Saturday, March 21, 2009

Welcome to the Citadel of Eight

For as long as I can remember, I have been playing role-playing games. I was introduced to the world of Dungeons & Dragons in the late 80's, when my much older cousin ran some games for my brother and his friends. I was deemed too young to play at the time, so I had to watch as the first game unfolded.

I could not know it at the time, but this was my cousin's own rendition of the D&D module T1 - The Village of Hommlet. During that first game session, my brother and his friends were exploring the catacombs under the town's cemetery. My brother, who was playing the adventuring party's magic user, soon found the game horribly boring and decided to stop playing altogether. He left the other players fending for their lives to their own devices.

I had been mesmerised by the tale spinned before my eyes. These guys were actually the heroes of a medieval fantasy... I just had to step in. Find a way to play. When my brother gave up abruptly and left the room, I knew this was an opportunity. I jumped to my feet and quite passionately begged my cousin to allow me to play my brother's magic user and join where he left.

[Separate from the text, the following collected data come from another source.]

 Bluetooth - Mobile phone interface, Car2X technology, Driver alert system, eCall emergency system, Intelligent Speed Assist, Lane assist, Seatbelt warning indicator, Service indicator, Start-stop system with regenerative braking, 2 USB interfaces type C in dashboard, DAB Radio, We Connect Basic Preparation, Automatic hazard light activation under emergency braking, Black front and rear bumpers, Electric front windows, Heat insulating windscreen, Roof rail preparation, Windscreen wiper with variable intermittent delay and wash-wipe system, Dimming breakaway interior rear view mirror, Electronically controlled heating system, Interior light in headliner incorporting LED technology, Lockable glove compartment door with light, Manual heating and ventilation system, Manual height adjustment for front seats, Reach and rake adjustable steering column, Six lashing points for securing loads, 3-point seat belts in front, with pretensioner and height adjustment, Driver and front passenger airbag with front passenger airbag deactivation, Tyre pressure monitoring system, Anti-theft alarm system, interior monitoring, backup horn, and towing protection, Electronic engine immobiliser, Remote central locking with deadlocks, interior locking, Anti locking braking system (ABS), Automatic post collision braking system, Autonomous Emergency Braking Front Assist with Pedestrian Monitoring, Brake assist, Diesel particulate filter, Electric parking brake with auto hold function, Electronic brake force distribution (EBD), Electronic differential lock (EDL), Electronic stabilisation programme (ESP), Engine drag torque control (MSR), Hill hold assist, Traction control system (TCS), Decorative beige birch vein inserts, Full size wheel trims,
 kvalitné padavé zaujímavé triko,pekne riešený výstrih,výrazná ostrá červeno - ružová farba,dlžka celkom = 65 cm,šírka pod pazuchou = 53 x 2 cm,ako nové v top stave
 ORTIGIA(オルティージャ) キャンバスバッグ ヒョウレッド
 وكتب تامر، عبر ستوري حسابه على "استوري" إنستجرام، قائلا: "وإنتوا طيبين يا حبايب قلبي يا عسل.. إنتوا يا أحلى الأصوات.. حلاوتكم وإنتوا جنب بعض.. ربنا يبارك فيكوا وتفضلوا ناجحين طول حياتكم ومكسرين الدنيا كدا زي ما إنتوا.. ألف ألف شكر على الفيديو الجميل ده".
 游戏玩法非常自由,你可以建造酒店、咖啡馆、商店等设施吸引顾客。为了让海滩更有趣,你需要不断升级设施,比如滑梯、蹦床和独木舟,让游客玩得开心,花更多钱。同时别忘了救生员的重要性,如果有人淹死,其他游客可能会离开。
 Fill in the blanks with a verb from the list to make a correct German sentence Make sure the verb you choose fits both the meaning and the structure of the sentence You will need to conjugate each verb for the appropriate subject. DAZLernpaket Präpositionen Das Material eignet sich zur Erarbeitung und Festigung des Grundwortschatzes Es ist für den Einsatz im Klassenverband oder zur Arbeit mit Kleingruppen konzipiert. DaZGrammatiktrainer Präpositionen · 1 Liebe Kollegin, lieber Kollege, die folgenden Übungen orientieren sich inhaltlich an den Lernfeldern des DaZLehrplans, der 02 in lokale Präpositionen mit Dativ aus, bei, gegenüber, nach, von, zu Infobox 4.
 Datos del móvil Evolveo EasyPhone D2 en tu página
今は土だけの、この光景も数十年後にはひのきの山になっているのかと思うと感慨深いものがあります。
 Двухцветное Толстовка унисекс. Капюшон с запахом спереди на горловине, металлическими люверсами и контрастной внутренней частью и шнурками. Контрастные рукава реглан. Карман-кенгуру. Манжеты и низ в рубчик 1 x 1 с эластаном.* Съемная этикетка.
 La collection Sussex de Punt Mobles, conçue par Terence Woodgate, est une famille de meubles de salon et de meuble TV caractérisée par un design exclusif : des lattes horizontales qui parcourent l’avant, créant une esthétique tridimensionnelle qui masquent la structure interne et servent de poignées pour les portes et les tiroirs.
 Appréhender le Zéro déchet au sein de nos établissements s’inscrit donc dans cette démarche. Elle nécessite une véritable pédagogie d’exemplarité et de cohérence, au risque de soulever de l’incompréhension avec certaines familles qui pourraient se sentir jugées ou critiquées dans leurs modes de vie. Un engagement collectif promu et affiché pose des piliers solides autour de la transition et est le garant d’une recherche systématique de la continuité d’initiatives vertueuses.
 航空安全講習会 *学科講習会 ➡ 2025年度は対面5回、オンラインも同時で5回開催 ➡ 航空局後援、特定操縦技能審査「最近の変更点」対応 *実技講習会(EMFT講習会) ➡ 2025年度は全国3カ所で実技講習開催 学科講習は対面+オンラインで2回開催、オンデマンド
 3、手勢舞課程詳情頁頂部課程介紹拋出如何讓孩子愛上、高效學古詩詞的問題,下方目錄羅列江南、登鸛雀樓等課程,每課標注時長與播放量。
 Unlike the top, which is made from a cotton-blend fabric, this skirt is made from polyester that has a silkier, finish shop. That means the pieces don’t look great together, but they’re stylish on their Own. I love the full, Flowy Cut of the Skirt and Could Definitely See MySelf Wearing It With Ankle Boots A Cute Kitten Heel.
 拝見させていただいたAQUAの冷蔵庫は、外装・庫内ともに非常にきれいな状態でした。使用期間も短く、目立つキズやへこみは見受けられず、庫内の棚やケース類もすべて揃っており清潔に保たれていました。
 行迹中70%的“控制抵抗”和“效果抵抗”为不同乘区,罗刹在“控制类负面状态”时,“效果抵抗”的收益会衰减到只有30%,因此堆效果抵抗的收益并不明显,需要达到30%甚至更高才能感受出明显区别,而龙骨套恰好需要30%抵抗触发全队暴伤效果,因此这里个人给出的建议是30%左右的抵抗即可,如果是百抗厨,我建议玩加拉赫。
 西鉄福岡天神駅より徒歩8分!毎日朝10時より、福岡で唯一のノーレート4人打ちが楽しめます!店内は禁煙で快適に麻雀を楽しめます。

I must have been quite persuasive because my cousin ultimately gave in to the idea. I played this wizard exploring catacombs with his dagger and light spell... I could hear the drops seeping one by one through the cracks of the stonework. I could smell the rot and stagnant mud all around. I couldn't see anything beyond a few feet as I waved my magical light. I was there. Somewhere where I was a hero in the making. The feeling was overwhelming. Ecstactic. I turned a corner... and got backstabbed by a skeleton waiting in the shadows.

The skeleton killed my character instantly.

That was my first role-playing game. I was hooked.

What exactly does it have to do with the Citadel of Eight? Well, this moment in many ways represents a place in space and time where role-playing wasn't so gamist, so complicated, so entangled in a miriad of rules, variants, and different games out there. I didn't know anything of role-playing games, and somehow, that's what at this precise moment made role-playing games feel so right to me.

The Citadel of Eight originally is the name of a group of adventurers from the very first D&D campaign ever. The Greyhawk campaign, or Lake Geneva campaign, included people who would make the game's earliest history and quite literally build it from the ground up. You might have heard the names of these (in)famous characters: Mordenkainen, Robilar, Bigby, Riggby, Yrag, Tenser, Serten and Otis.

Since the name could also be understood as a location instead of a group's denomination (the original name coming from Mordenkainen's Obsidian Citadel), I decided it would be a brilliant symbol of my own journey's ultimate destination, the rediscovery of my own gaming roots, of this moment in time when role-playing games made the most sense to me.

This blog is intended to be a testimony and a reminder, a trace relating this journey as it unfolds. It is not about some objective definition of what "old-school" gaming may or may not be, though I surely would be able to elaborate on a personal definition of the term. I leave this debate to other experts and pundits to discuss. No. This is about what "my" old-school, my RPG home, so to speak, is all about.

This blog's header (the gray hawk and shield above) is a symbol of this journey as well. Currently used by Pied Piper Publishing as the logo for the original Lake Geneva campaign, I added my own arms to the shield to symbolize that, even while I search for the origins of this hobby, what this quest truly is about is for me to reconnect with my own, personal roots and being.

Here I go on my way. The Quest has just begun. As I document the twists and turns of this journey you will hopefully find food for thoughts, enlightenment, and most importantly, entertainment in your daily lives.

Simply put, I just hope you enjoy the ride!